# modulus equation

• Apr 14th 2010, 11:06 AM
sigma1
modulus equation
am trying to solve for x in this equation

$\displaystyle x^2-\mid x \mid - 12 < 0$
$\displaystyle \mid x \mid <12-x^2$
$\displaystyle \mid x \mid^2 >{(12-x^2})^2$ squaring both sides

i end up with $\displaystyle x^4 - 24x^2+144=0$ can i get some helf solving for x. that if what i did was correct.
• Apr 14th 2010, 11:23 AM
running-gag
Hi

I suggest you to separate the 2 cases $\displaystyle x\leq 0$ and $\displaystyle x \geq 0$

In the first case you get $\displaystyle x^2 + x - 12 < 0$

$\displaystyle (x+4)(x-3) < 0$

Find the solutions and take the ones that are $\displaystyle \leq 0$

Do the same for the second case and finally join the 2 sets of solutions
• Apr 14th 2010, 11:28 AM
Quote:

Originally Posted by sigma1
am trying to solve for x in this equation

$\displaystyle x^2-\mid x \mid - 12 < 0$
$\displaystyle \mid x \mid <12-x^2$
$\displaystyle \mid x \mid^2 >{(12-x^2})^2$ squaring both sides

i end up with $\displaystyle x^4 - 24x^2+144=0$ can i get some helf solving for x. that if what i did was correct.

Hi sigma1,

you need c-ordination here,

you have made errors with polarity above.

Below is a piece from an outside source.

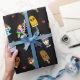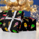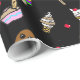 Rouge, noir dessiné à la main whimsical caricature crème glacée, cerises, barres de crème glacée, sundaes crème glacée, banane éclat emballage cadeau d'anniversaire.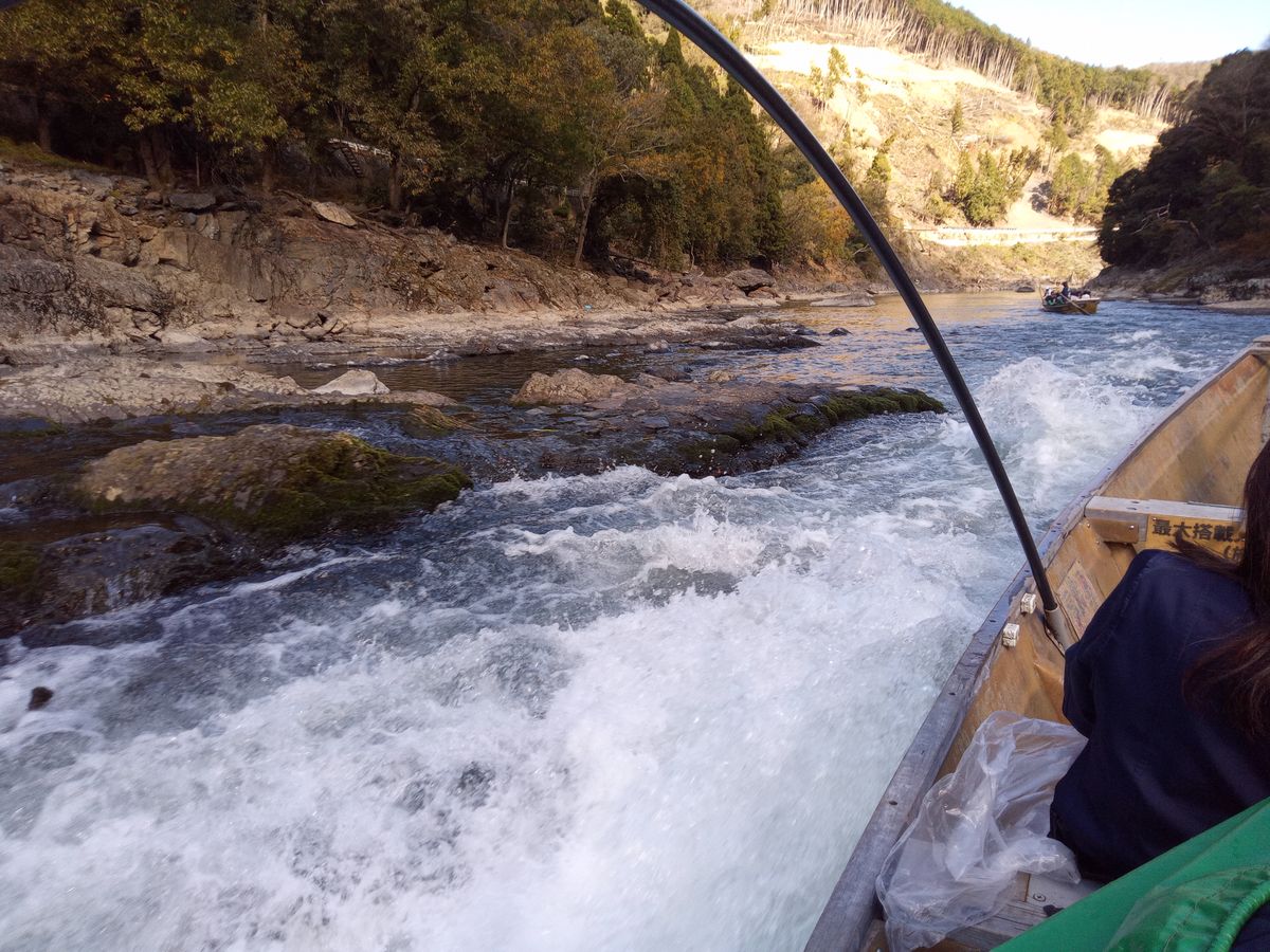 つい3,4日前に強風があったこともあり、紅葉の季節を外れてしまいましたが、ところどころ美しいもみじの川辺を、2時間かけてくだりました。水深がかなり低く、舵を取る船頭さんも、息を切らしながらそれでもユーモワーたっぷりの会話で楽しませてもらいました。水しぶきはほとんどかかりませんでした。

$\displaystyle x^2-|x|-12<0$

If x is positive, this is

$\displaystyle x^2-x-12<0$

$\displaystyle (x-4)(x+3)<0$

this is negative if one factor is positive and the other negative.
If -3<x<4 the left factor is negative and the right one positive.
But remember, x must be positive here.
If x>4, they are both positive.
If x<-3 they are both negative.

If x is negative, this is

$\displaystyle x^2+x-12<0$

$\displaystyle (x-3)(x+4)<0$

This can be evaluated in the same way as above.